» INFORMATION SUPPLIED:
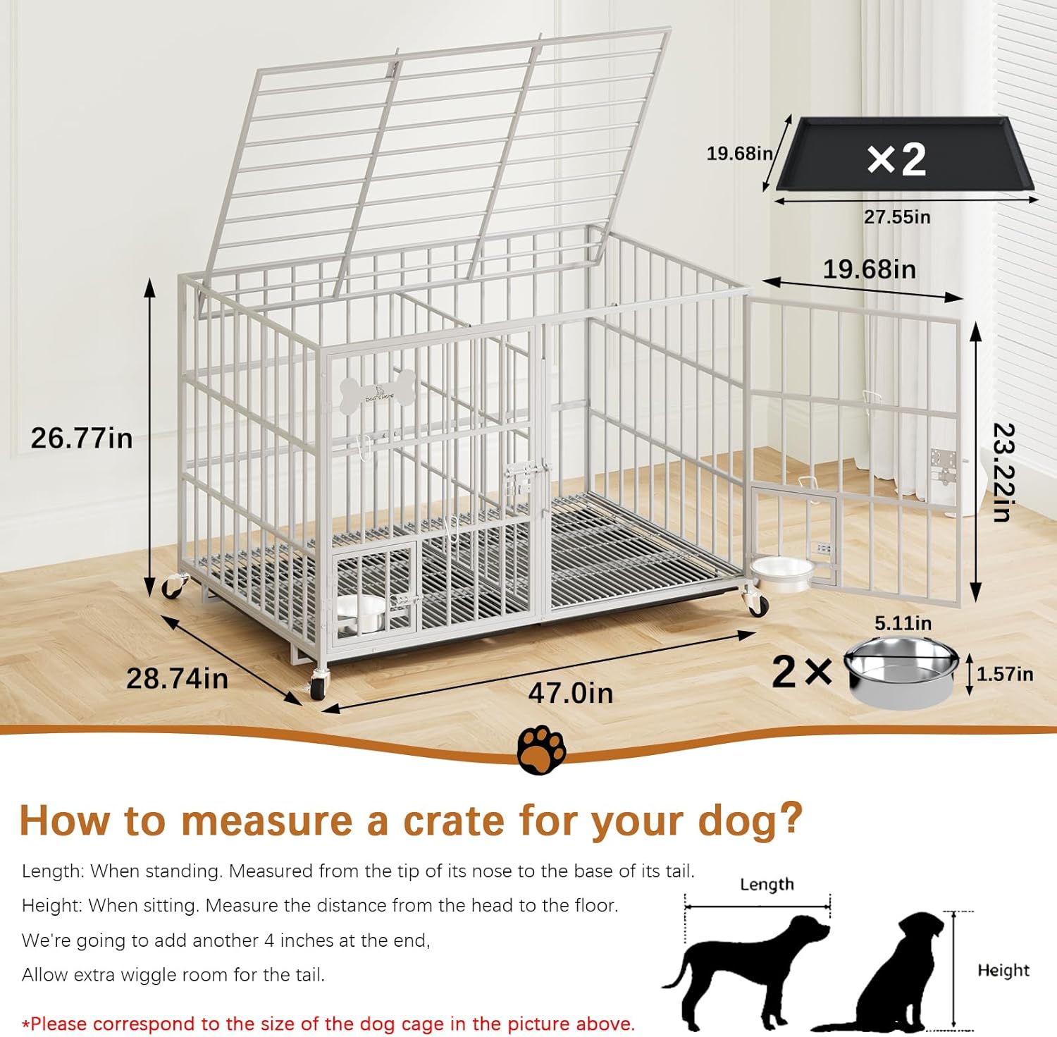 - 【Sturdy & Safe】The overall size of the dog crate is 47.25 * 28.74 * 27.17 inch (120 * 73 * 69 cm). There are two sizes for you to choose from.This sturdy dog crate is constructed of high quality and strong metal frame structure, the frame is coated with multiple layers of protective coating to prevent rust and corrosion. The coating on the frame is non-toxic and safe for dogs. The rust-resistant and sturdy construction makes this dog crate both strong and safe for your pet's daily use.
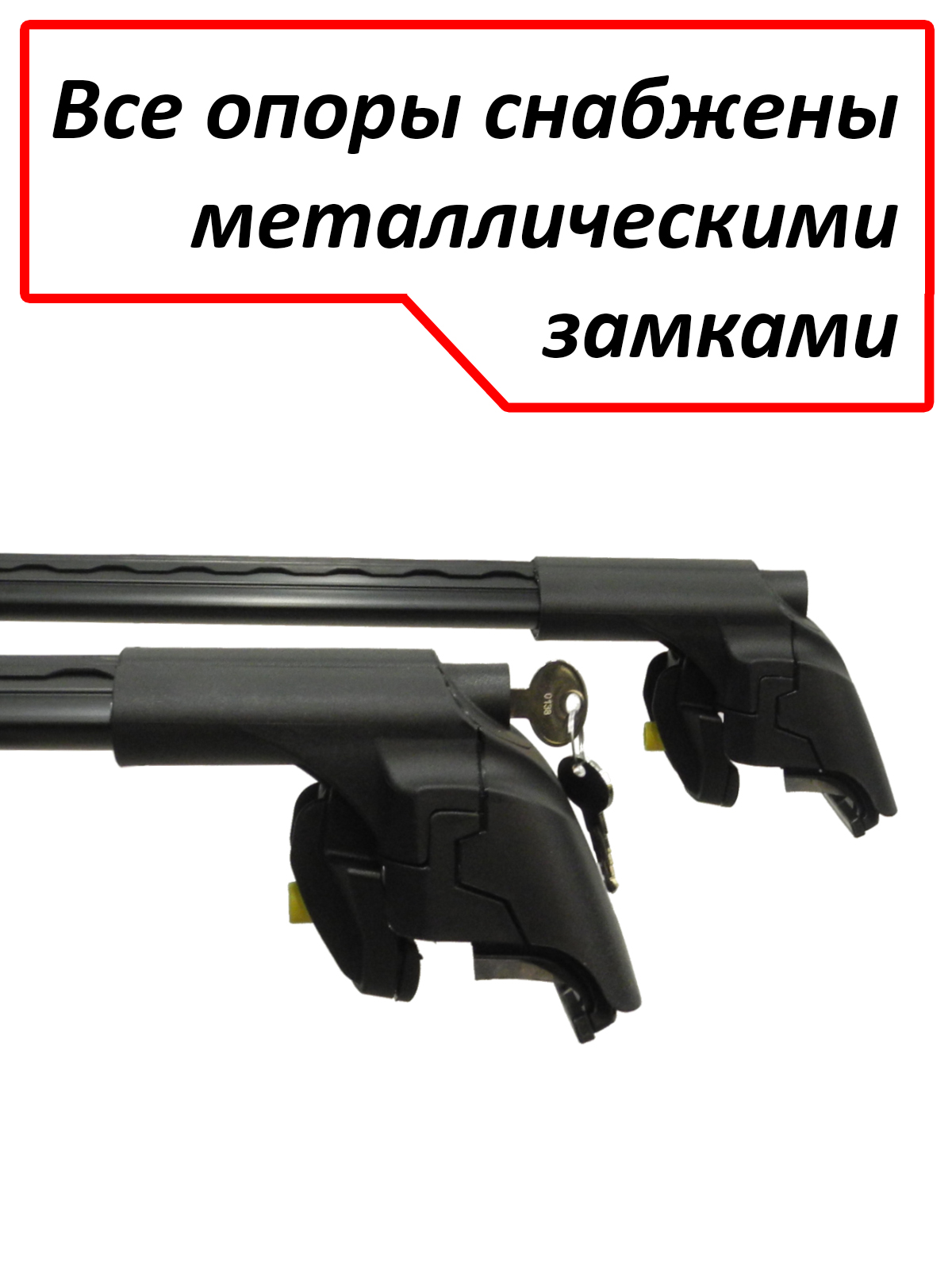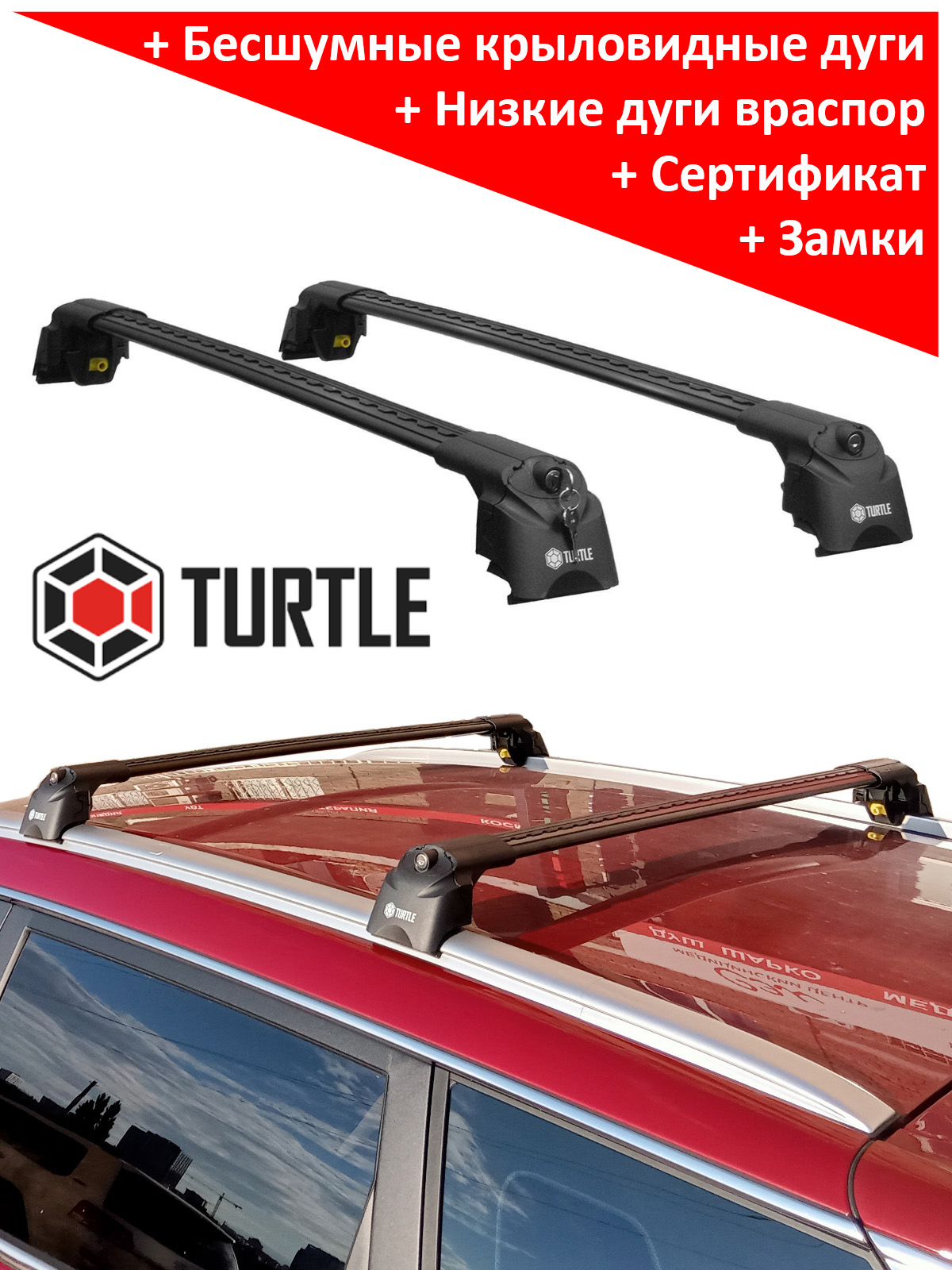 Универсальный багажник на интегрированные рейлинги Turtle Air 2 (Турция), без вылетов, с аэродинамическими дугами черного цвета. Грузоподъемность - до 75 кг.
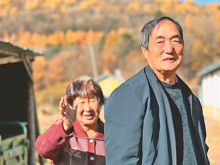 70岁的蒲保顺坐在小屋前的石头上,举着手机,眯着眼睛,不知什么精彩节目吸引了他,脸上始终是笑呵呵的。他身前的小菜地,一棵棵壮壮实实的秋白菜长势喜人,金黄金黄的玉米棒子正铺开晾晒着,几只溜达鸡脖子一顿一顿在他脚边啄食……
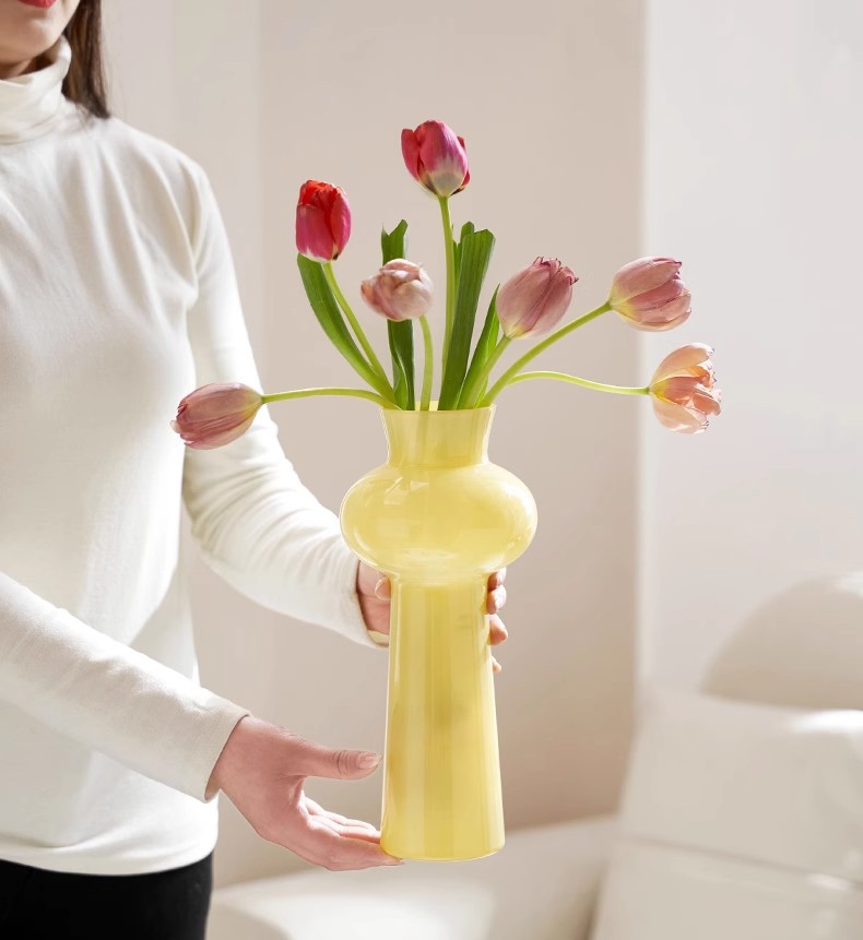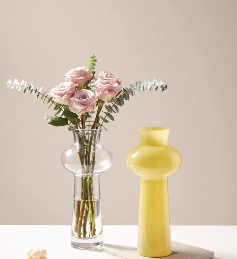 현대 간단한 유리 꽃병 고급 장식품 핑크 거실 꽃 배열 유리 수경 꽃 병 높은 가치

» EXERCISE DETAILS: Starting with the line that contains "70岁的蒲保顺坐在小屋前的石", give the lines again exactly as they appear through the last line of the data, pictures excluded.

» ANSWER TO THIS EXERCISE:
 70岁的蒲保顺坐在小屋前的石头上,举着手机,眯着眼睛,不知什么精彩节目吸引了他,脸上始终是笑呵呵的。他身前的小菜地,一棵棵壮壮实实的秋白菜长势喜人,金黄金黄的玉米棒子正铺开晾晒着,几只溜达鸡脖子一顿一顿在他脚边啄食……
 현대 간단한 유리 꽃병 고급 장식품 핑크 거실 꽃 배열 유리 수경 꽃 병 높은 가치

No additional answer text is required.